So, anyway, that first paragraph has probably scared off a large majority of people. I'll let you be the judge of whether it was intentional or not. :)
Despite my ability on conveying myself through language, I still struggle to define myself properly. It's not necessarily because I don't know how to, but because I don't typically see or know a lot of people who are like me -- having a lack of references to work with makes the definition that much harder. The best entity for that would be you, provided you have sufficient analytical skills.
I hate using the words 'introvert' vs. 'extrovert'. I do what I want and pretend that I'm not too narcissistic, despite the fact that other people make me feel that way simply by observing them in their natural habitats.
...I kid. But I do tend to have a somewhat furtive attitude and demeanor, which spawns from [a healthy dose of] cynicism. Society usually stretches this cynicism and multiplies it unnecessarily. I like listening and reading people's views, as I enjoy seeing how other people deal with 42. Regardless of this, sociologically I just want to have fun. :3 It's a bit of a paradox, methinks.

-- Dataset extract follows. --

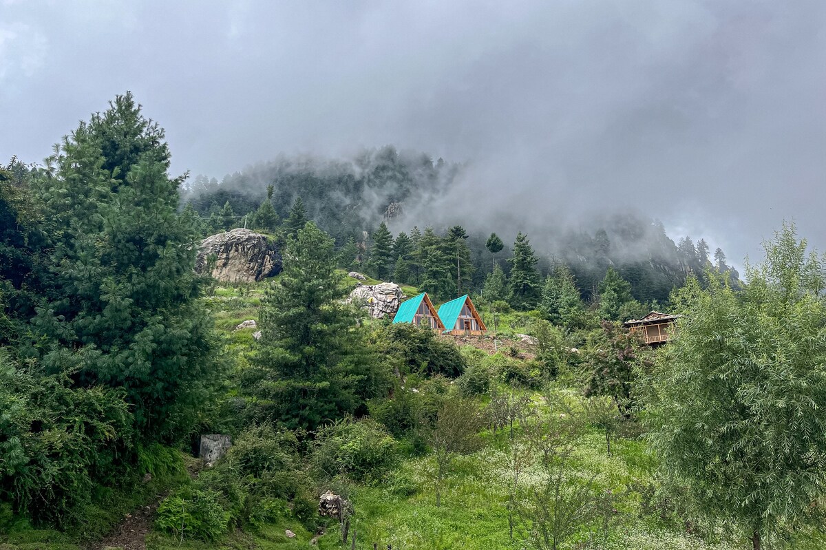 Ini adalah kabin berbentuk A di dekat kastil naggar. Yaitu 21 Km sebelum Manali. Kabin adalah tempat yang sempurna untuk Keluarga, pasangan, dan rombongan. Tempat ini berada di tengah - tengah pohon pinus dan kebun apel.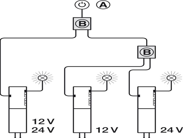 Gjithashtu, mund të lidhni 3 sisteme me tension të njëjtë nëse, për shembull, kërkohet më shumë fuqi në një sistem 12 V.

I have immense respect for people who've developed a set of ethics on their own, and not used too many external references. After all, everything is dynamic to some extent and not static. It doesn't quite matter if they're "right" or "wrong", as long as you're not completely obnoxious and your mind still has some liberty and is not governed by the cold iron grips of authoritarianism. Wittiness of all kinds makes me smile uncontrollably, and anti-social wittiness makes me grin like a bad anime character. Independence and the ability to have control over our genetic pre-programming are also admirable traits.
I adore nerds. (Real ones, not 'geek-chic'. Barf.) And Reddit.
Jag är en bögapa med byxor.
I am a narwhal, a walrus, and a bacon.